そもそも、自分はそれ以外の方法を知らないんですよ。だから、俳優がただ現れてセリフを言うだけの映画には驚かされます。俳優に100%役になりきってもらうというやり方もあるけれど、うまくいくこともあれば、いかないこともある。自分の場合は、そういう問題をすべて事前に解決したいんです。俳優がキャラクターと同一であることを実感してほしいから、すべての質問について話し、答え、ディティールを探り、できる限り深く掘り下げてから撮影します。当日も、ただ撮影するだけでなく、現場で俳優が行動原理に疑問を持ったり、彼らしか知り得ないような質問をしてきたら、脚本に問題があるということです。幹部の人たちにとっては違和感がないようなことであっても、実際にキャラクターを演じている俳優が抱く疑問を大切にしています。なぜなら、意味が通じなかったり、穴があったりする映画をたくさん観てきましたから。
──長編、短編、ドキュメンタリー、TVシリーズなども含めると、30作品以上手がけていらっしゃいますが、アイデアが枯渇することはないんですか?
しばらくの間は、1本を撮るごとに、あと2本は進行中の脚本やアイデアがありました。自分のキャリアであと何本映画を撮れるだろうと考えている監督もいますが、自分はそうじゃないということにはかなり早い段階で気づきましたね(笑)。長生きして、たくさんの映画を撮りたいし、引退なんて考えたこともない。映画づくりとストーリーテリングがとにかく大好きなので。
──映画づくり自体には飽きなくても、ちょっと面倒だなというパートが出てきたりはしないものですか?
歳をとったせいか、些細なことに対する忍耐力はなくなってきたかも(笑)。でも映画づくりに飽きたことは一度もないし、好きだと思えない作品を撮ったこともありません。あれはうまくいかなかったとか、映画監督に向いていないとかも思わないです。どの監督も同じように言うだろうけれど、時間と労力を費やすだけの深みがあると感じるには、登場人物に心から惚れ込み、興味をそそられなければならない。だから、あるレベルで自分に語りかけてくるものでなくてはいけない。それが映画をつくる、あるいはつくらない動機になっています。
──確かに、あなたの映画は、映画自体はもちろん、出てくるキャラクター一人ひとりに対する愛情を感じさせますね。

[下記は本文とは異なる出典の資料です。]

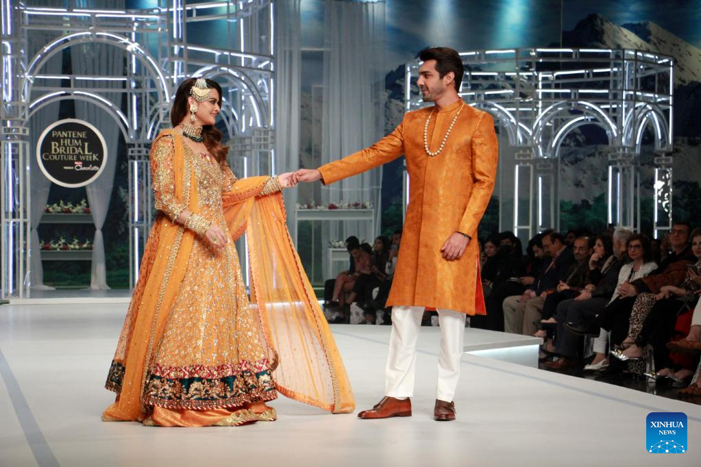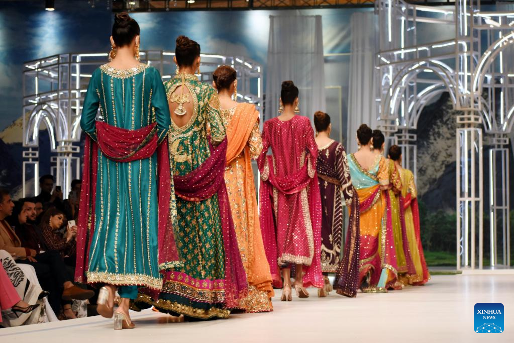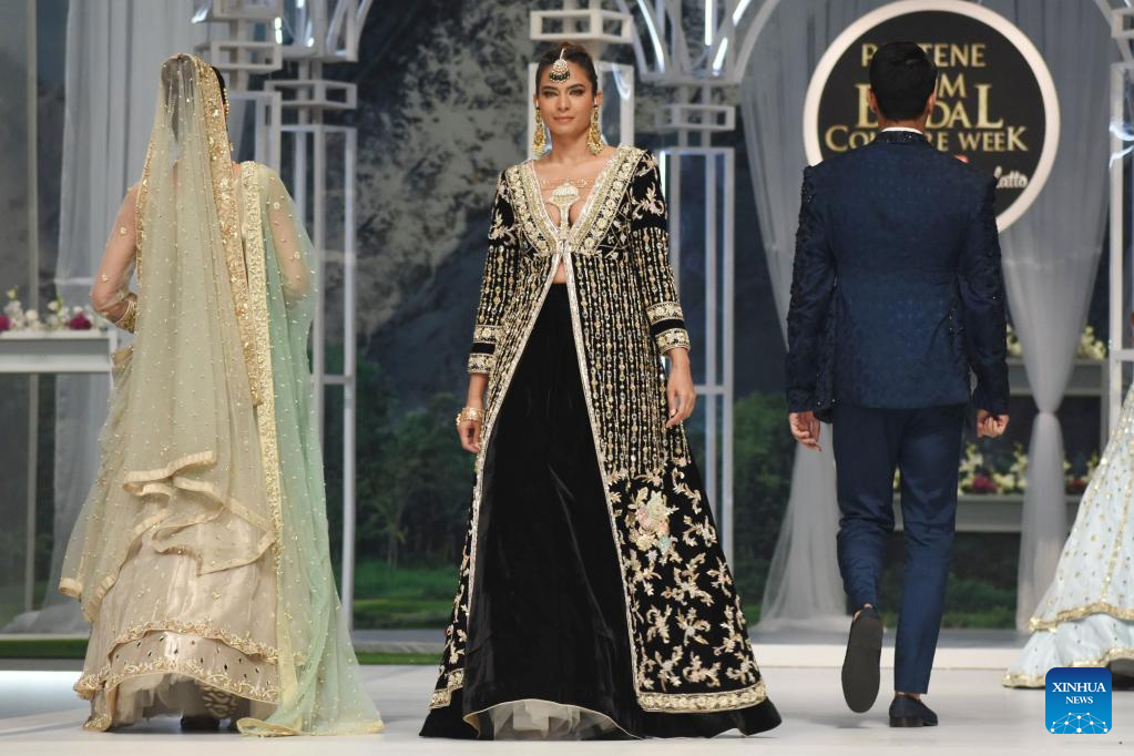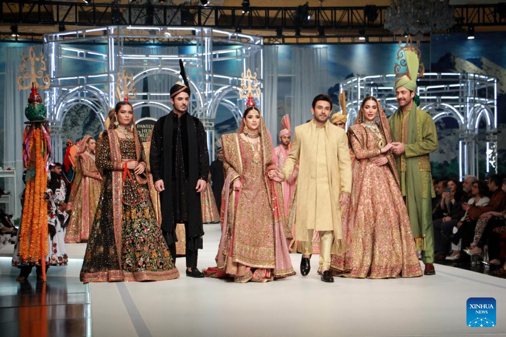 Models present creations during the Bridal Couture Week in Lahore, Pakistan on Dec. 16, 2022. (Photo by Jamil Ahmed/Xinhua)

自分の映画の登場人物が嫌いな監督もいるのかもしれませんが、自分はキャラクター全員に愛情を抱く傾向が強いです。たとえ悪人であっても。今回の場合、オースティン・アメリオが演じたジャスパーがそうですが、彼はウィットに富んでいて面白い。知的な悪役は好きですね。映画は大勢の役者がアンサンブルを組んでいるわけですが、その一人ひとりを実在の人物のように感じてほしいので、そのために時間をかけなければならないと思っています。だって、脇役が目立たず、スターを売り出すためみたいな映画は、現実味がないじゃないですか。